*** Recorded data ***

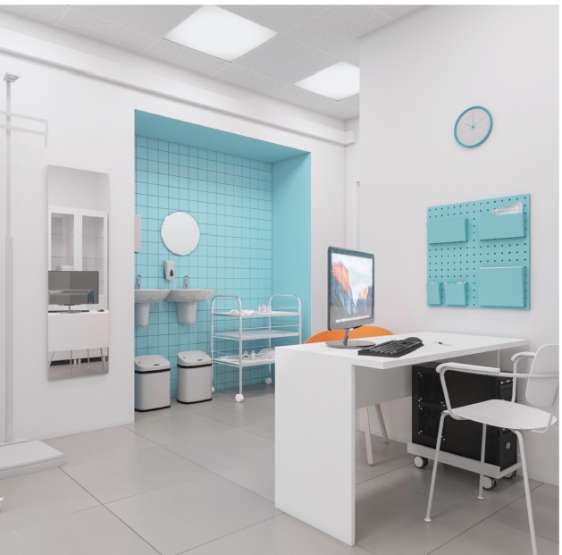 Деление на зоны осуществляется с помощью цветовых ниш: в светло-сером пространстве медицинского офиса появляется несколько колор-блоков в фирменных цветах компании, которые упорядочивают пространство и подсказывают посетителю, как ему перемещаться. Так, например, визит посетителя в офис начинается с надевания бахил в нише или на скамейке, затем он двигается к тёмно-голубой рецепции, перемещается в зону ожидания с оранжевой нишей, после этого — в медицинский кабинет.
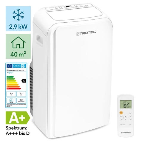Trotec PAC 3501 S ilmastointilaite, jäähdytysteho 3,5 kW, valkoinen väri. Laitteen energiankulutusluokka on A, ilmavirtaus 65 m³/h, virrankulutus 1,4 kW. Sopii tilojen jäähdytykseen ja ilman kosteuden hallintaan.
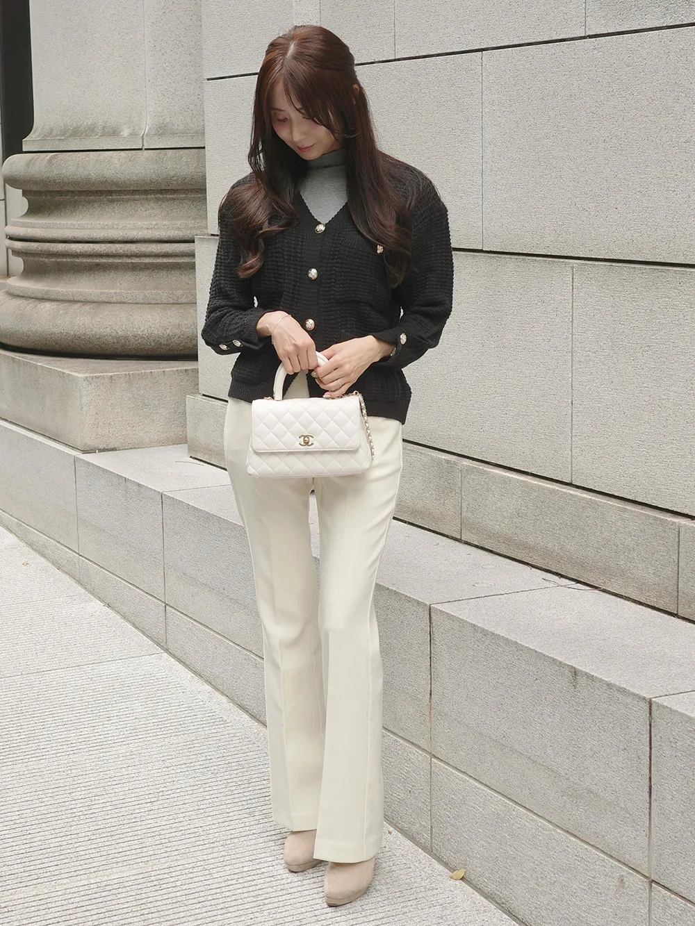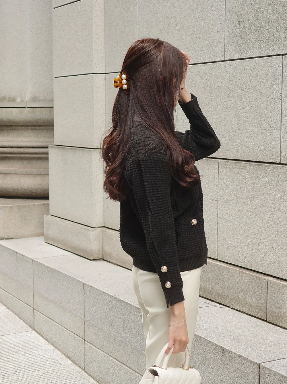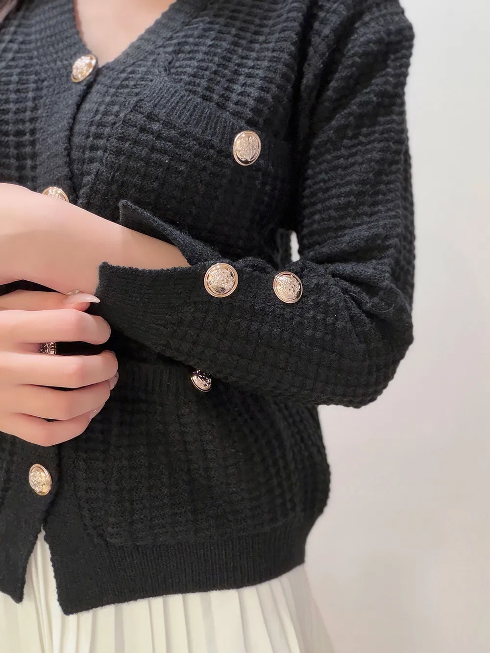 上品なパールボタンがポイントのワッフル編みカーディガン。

*** End of Recorded data ***

In your output, include only the lines from the line containing "Trotec PAC 3501" through the last line of the material above, exactly as they appear, and leave out the pictures.

Trotec PAC 3501 S ilmastointilaite, jäähdytysteho 3,5 kW, valkoinen väri. Laitteen energiankulutusluokka on A, ilmavirtaus 65 m³/h, virrankulutus 1,4 kW. Sopii tilojen jäähdytykseen ja ilman kosteuden hallintaan.
 上品なパールボタンがポイントのワッフル編みカーディガン。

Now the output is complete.